During an interview with Canadian Press, Reville intoned, tongue firmly in cheek, "I became a New Democrat because I was mentally ill" and was bemused when his statement appeared as a headline in newspapers across the country. He was making the point that he had begun to learn something about powerlessness in hospital, and joined the NDP to fight for marginalized people. He once joked that he was the only MPP with a certificate to prove that he was sane.

==Politics==
Reville served on Toronto's city council from 1980 to 1985, and emerged as a popular alderman in the downtown area. Known primarily for his work on affordable housing, he was responsible for an environmental first. He got Council to award intervenor funding for a community group to be involved in the environmental assessment of a proposed refuse-fired steam plant. Out of the group that organized around the issue came two popular politicians, Marilyn Churley and Peter Tabuns, both of whom were City Councillors before being elected to the legislature. David was elected to the Ontario legislature in the 1985 provincial election, winning an easy victory in Riverdale. He was re-elected in the 1987 election, defeating future Liberal Member of Parliament and then City Councillor Jim Karygiannis by about 1,500 votes. Reville was an opposition MPP throughout his time in the legislature. He was proud to be the author of a private member's bill that brought roomers and boarders under the protection of the Landlord and Tenant Act for the first time. (Bill 10)

===Electoral record===

v; t; e; 1985 Ontario general election: Riverdale
| Party | Candidate | Votes | % |
|  | New Democratic | David Reville | 9,869 | 52.2 |
|  | Progressive Conservative | Bret Snider | 4,590 | 24.3 |
|  | Liberal | Doug DeMille | 3,949 | 20.9 |
|  | Communist | Maggie Bizzell | 322 | 1.7 |
|  | Green | Michael Tegtmeyer | 192 | 1.0 |
| Total |  |  | 18,922 |
Canadian Press.

v; t; e; 1987 Ontario general election: Riverdale
| Party | Candidate | Votes | % |
|  | New Democratic | David Reville | 10,321 | 44.9 |
|  | Liberal | Jim Karygiannis | 8,552 | 37.2 |
|  | Progressive Conservative | Bob Dodd | 3,285 | 14.3 |
|  | Green | Debora Hojman | 330 | 1.4 |
|  | Libertarian | Byron Garby | 292 | 1.3 |
|  | Communist | Maggie Bizzell | 210 | 0.9 |
| Total |  |  | 22,990 |
Toronto Star.

==Later life==
Reville did not seek re-election in 1990, arguing that he wanted to devote his time to more useful pursuits. After the NDP won a majority government in the 1990 provincial election, he served as a senior advisor to Premier Bob Rae.
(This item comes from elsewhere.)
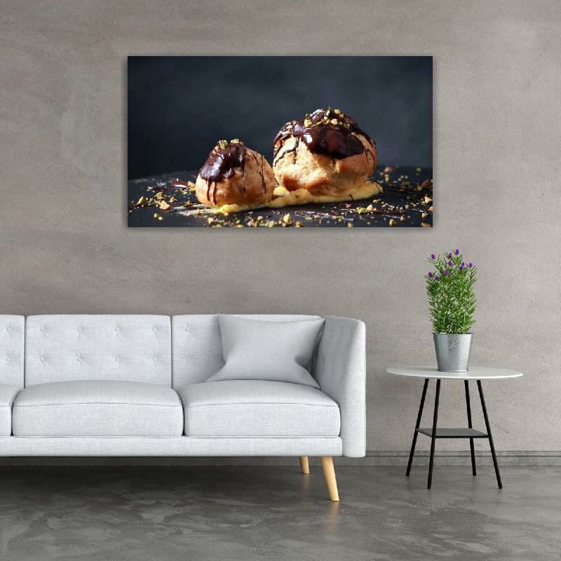 Картина на холсте 60x110 LinxOne "Два заварных пирожных с" интерьерная для дома / на стену / на кухню / с подрамником интересное:

In 1994, Reville was appointed chair of the Ontario Advocacy Commission but it was disbanded by the Mike Harris government less than two years later. In 2001, he received an award from the Council of Canadians with Disabilities. He ran a consulting company called David Reville & Associates specializing in social research and community development. As a consultant to the Centre for Addiction and Mental Health, he helped develop the augmented education program at George Brown College; the award-winning program helps people with mental health and addictions histories get their first jobs in the construction and culinary industries.
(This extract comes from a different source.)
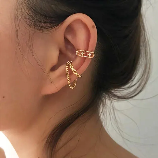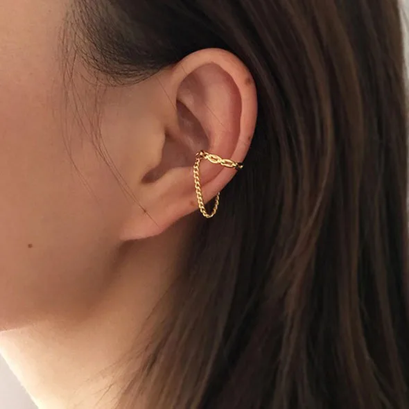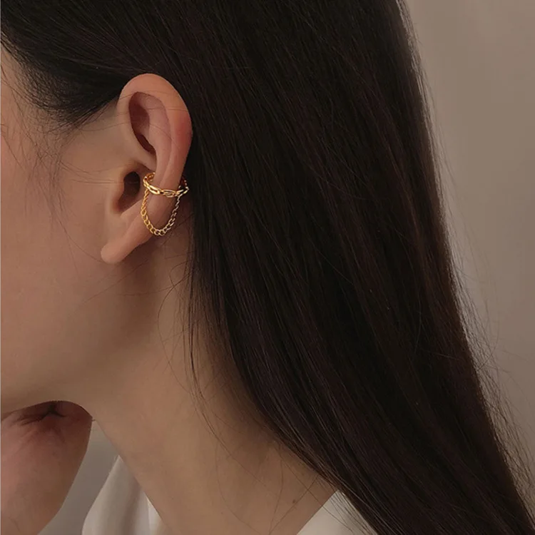 1 шт. металлические манжеты для ушей Huggie, серьги-манжеты с цепоч...

In 2004, Reville began teaching for the School of Disability Studies at Ryerson University (now Toronto Metropolitan University); one of his courses was called A History of Madness and the other Mad Peoples' History which received the Canadian Association for University Continuing Education Award of Excellence in 2011. David was a key figure in the launch of mad studies as an academic discipline in Canada and in the U.K. He retired in 2014. That year, friends and colleagues honoured Reville by establishing the David Reville/Working for Change course bursary in Mad People's History; the winner is selected annually from the Working for Change community. Working for Change creates education and employment opportunities for people with mental health and addictions challenges. Reville was awarded an honorary Doctor of Laws by Queen's University in 2015.
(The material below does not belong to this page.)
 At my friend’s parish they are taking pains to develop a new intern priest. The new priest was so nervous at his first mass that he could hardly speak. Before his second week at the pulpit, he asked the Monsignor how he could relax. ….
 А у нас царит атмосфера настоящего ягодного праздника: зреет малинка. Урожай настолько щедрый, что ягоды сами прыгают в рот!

Singing has been a big part of his life. He was a member, man and boy, of the choir at Grace Anglican Church in Brantford for 10 years. He sang at the Mariposa Folk Festival with the Spadina Road Tabernacle Band in 1980 and at Carnegie Hall with new choir, Toronto's first rock choir in 2015. He was a member of the Eastminster United Church choir in Toronto (2014-2019).